## Goal of the exercise
Repeat the data word for word, excluding every picture.

## Source data
--

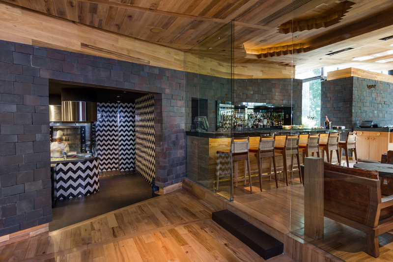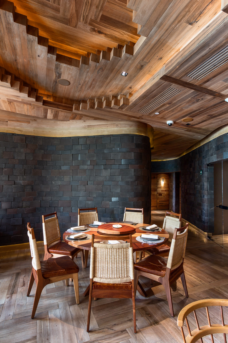 In the opposite side, the space is extended into an exclusive private dining room, with all the necessary amenities to host intimate events. In the middle of the room, a wide dining table that accommodates 25 people is found. Motifs alluding to the shapes of pre-Hispanic pyramids are repeated in the ceiling and on the far side of this area, there is a small living room from where the terrace and reflecting pool can be reached.
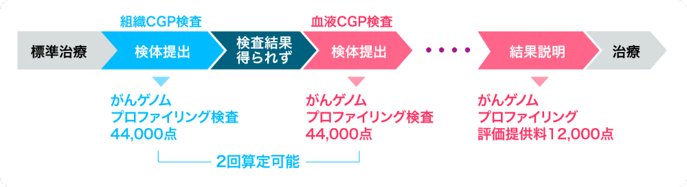 - CGP検査の出検時点で 44,000点が算定可能となるため、医療機関側で検査費用を立て替える負担を軽減することが可能となった。
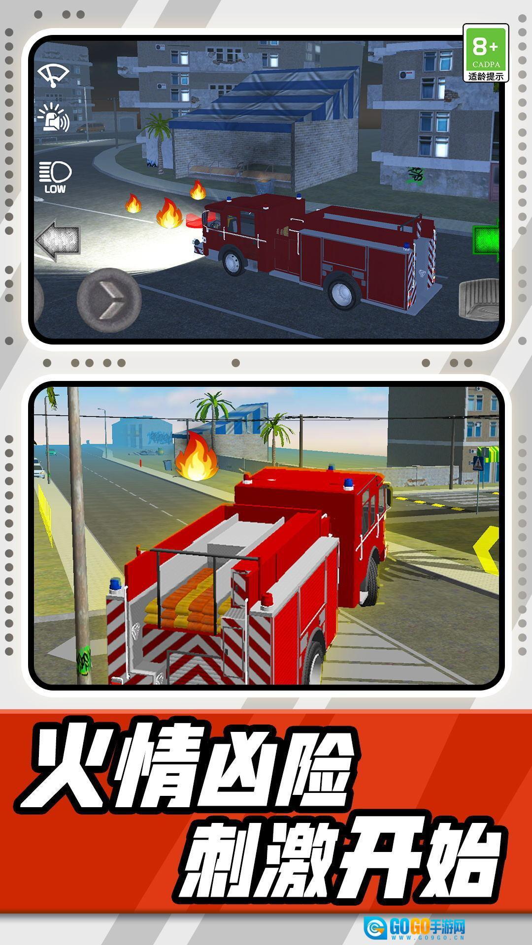 2、救援任务:丰富多样的游戏设计带来紧张刺激的消防救援任务,不同类型的消防车为您提供各具特色的驾驶体验与消防操作方式。
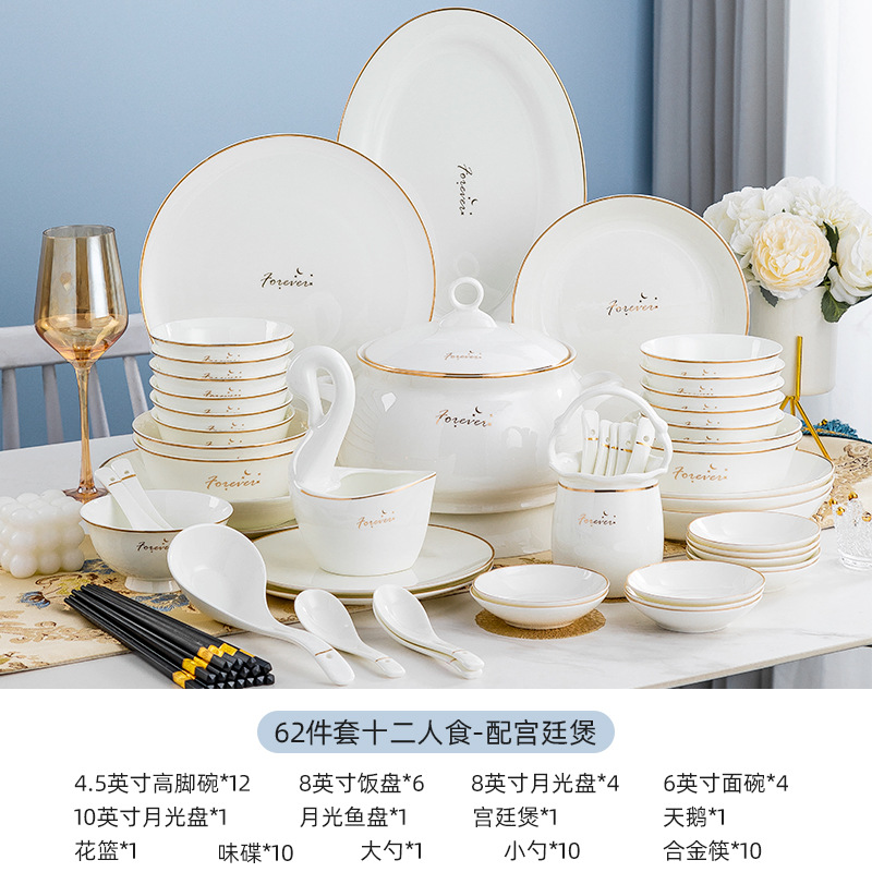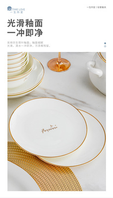 Set of tableware European style home bowl and chopsticks light luxury bone china moving gift tableware ceramic bowl and plate

--

## Answer to the exercise
 In the opposite side, the space is extended into an exclusive private dining room, with all the necessary amenities to host intimate events. In the middle of the room, a wide dining table that accommodates 25 people is found. Motifs alluding to the shapes of pre-Hispanic pyramids are repeated in the ceiling and on the far side of this area, there is a small living room from where the terrace and reflecting pool can be reached.
 - CGP検査の出検時点で 44,000点が算定可能となるため、医療機関側で検査費用を立て替える負担を軽減することが可能となった。
 2、救援任务:丰富多样的游戏设计带来紧张刺激的消防救援任务,不同类型的消防车为您提供各具特色的驾驶体验与消防操作方式。
 Set of tableware European style home bowl and chopsticks light luxury bone china moving gift tableware ceramic bowl and plate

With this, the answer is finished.